Action item: For the listing below, return the line containing "xylaniphila, Ruminococcaceae bacterium和Prevotella", the line containing "ヒーロー風カッコイイあだ名 | 『スーパーサトウハルタ』『天弓騎士サト』 |", and all lines in between, exactly as written and nothing else.

Given data:
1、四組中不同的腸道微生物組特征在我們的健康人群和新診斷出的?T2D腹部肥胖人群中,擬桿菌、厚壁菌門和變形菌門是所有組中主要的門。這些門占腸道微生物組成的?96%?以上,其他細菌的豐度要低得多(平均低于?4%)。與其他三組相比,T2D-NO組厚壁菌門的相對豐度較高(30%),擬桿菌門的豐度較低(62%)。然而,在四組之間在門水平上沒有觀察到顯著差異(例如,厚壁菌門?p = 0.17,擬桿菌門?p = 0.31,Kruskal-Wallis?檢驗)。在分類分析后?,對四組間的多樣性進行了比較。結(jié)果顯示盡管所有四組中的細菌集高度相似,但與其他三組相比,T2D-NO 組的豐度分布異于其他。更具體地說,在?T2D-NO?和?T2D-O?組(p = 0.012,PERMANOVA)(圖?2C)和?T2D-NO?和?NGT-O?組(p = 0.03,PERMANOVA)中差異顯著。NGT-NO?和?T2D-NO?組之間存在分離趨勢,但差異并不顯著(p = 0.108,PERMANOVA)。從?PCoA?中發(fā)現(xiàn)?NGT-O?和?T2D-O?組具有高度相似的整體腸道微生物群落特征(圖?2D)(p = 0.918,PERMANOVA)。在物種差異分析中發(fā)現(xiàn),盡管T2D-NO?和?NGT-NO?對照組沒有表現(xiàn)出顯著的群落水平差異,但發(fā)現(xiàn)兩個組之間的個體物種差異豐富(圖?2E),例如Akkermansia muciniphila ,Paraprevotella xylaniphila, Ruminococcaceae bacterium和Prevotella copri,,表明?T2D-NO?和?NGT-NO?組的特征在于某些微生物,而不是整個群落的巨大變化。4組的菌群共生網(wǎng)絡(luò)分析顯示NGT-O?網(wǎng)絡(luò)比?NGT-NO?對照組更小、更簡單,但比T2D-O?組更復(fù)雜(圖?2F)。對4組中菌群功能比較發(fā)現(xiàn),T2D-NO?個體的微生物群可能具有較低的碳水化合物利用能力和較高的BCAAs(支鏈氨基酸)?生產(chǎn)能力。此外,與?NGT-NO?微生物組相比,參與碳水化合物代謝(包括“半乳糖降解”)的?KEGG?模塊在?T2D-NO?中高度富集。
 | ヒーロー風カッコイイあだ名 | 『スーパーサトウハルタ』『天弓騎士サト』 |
---
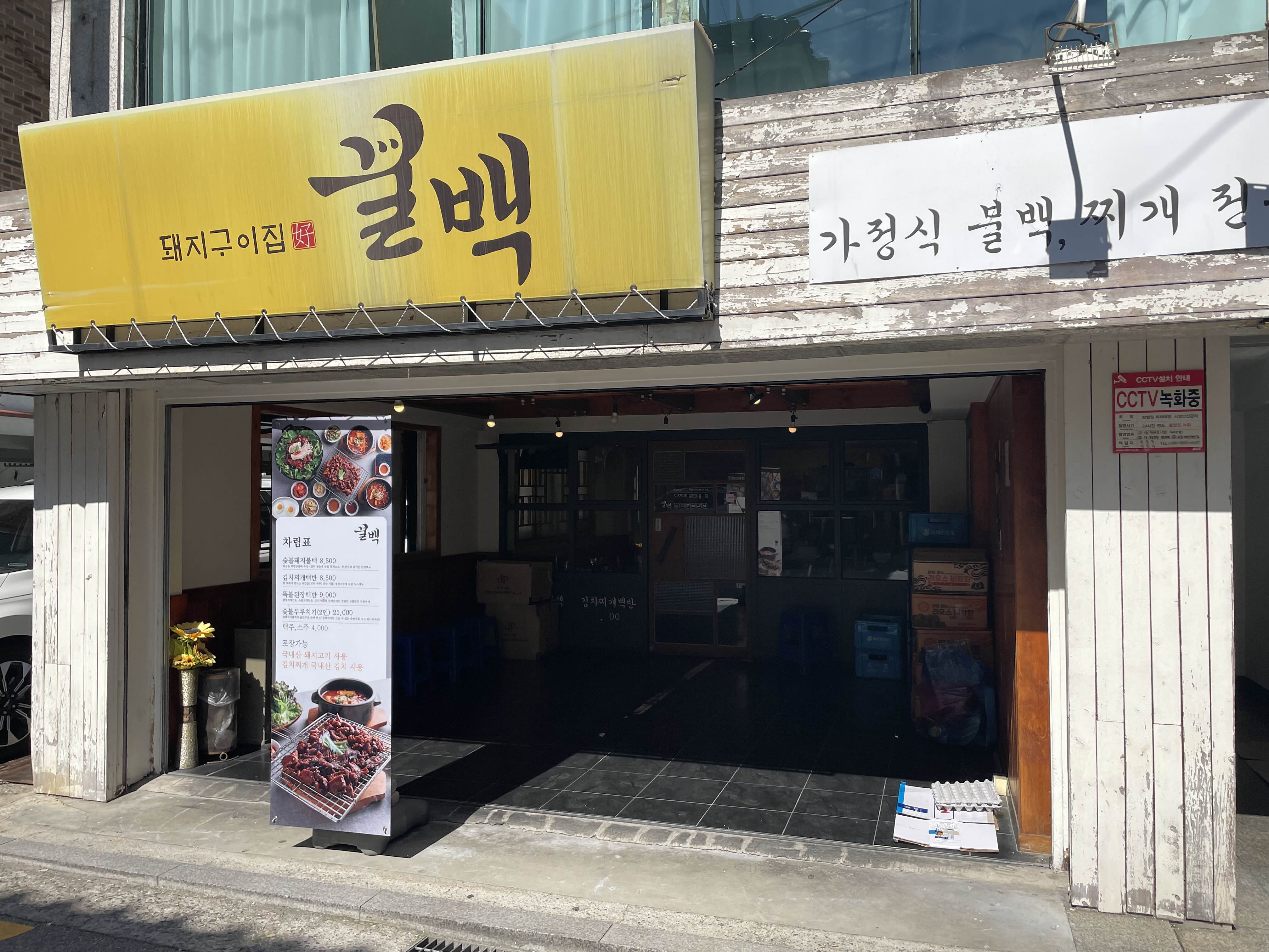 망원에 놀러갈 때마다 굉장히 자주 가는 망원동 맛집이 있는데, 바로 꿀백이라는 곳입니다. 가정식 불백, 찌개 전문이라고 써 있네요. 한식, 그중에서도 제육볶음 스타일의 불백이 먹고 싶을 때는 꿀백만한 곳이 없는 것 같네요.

Answer to the exercise:
1、四組中不同的腸道微生物組特征在我們的健康人群和新診斷出的?T2D腹部肥胖人群中,擬桿菌、厚壁菌門和變形菌門是所有組中主要的門。這些門占腸道微生物組成的?96%?以上,其他細菌的豐度要低得多(平均低于?4%)。與其他三組相比,T2D-NO組厚壁菌門的相對豐度較高(30%),擬桿菌門的豐度較低(62%)。然而,在四組之間在門水平上沒有觀察到顯著差異(例如,厚壁菌門?p = 0.17,擬桿菌門?p = 0.31,Kruskal-Wallis?檢驗)。在分類分析后?,對四組間的多樣性進行了比較。結(jié)果顯示盡管所有四組中的細菌集高度相似,但與其他三組相比,T2D-NO 組的豐度分布異于其他。更具體地說,在?T2D-NO?和?T2D-O?組(p = 0.012,PERMANOVA)(圖?2C)和?T2D-NO?和?NGT-O?組(p = 0.03,PERMANOVA)中差異顯著。NGT-NO?和?T2D-NO?組之間存在分離趨勢,但差異并不顯著(p = 0.108,PERMANOVA)。從?PCoA?中發(fā)現(xiàn)?NGT-O?和?T2D-O?組具有高度相似的整體腸道微生物群落特征(圖?2D)(p = 0.918,PERMANOVA)。在物種差異分析中發(fā)現(xiàn),盡管T2D-NO?和?NGT-NO?對照組沒有表現(xiàn)出顯著的群落水平差異,但發(fā)現(xiàn)兩個組之間的個體物種差異豐富(圖?2E),例如Akkermansia muciniphila ,Paraprevotella xylaniphila, Ruminococcaceae bacterium和Prevotella copri,,表明?T2D-NO?和?NGT-NO?組的特征在于某些微生物,而不是整個群落的巨大變化。4組的菌群共生網(wǎng)絡(luò)分析顯示NGT-O?網(wǎng)絡(luò)比?NGT-NO?對照組更小、更簡單,但比T2D-O?組更復(fù)雜(圖?2F)。對4組中菌群功能比較發(fā)現(xiàn),T2D-NO?個體的微生物群可能具有較低的碳水化合物利用能力和較高的BCAAs(支鏈氨基酸)?生產(chǎn)能力。此外,與?NGT-NO?微生物組相比,參與碳水化合物代謝(包括“半乳糖降解”)的?KEGG?模塊在?T2D-NO?中高度富集。
 | ヒーロー風カッコイイあだ名 | 『スーパーサトウハルタ』『天弓騎士サト』 |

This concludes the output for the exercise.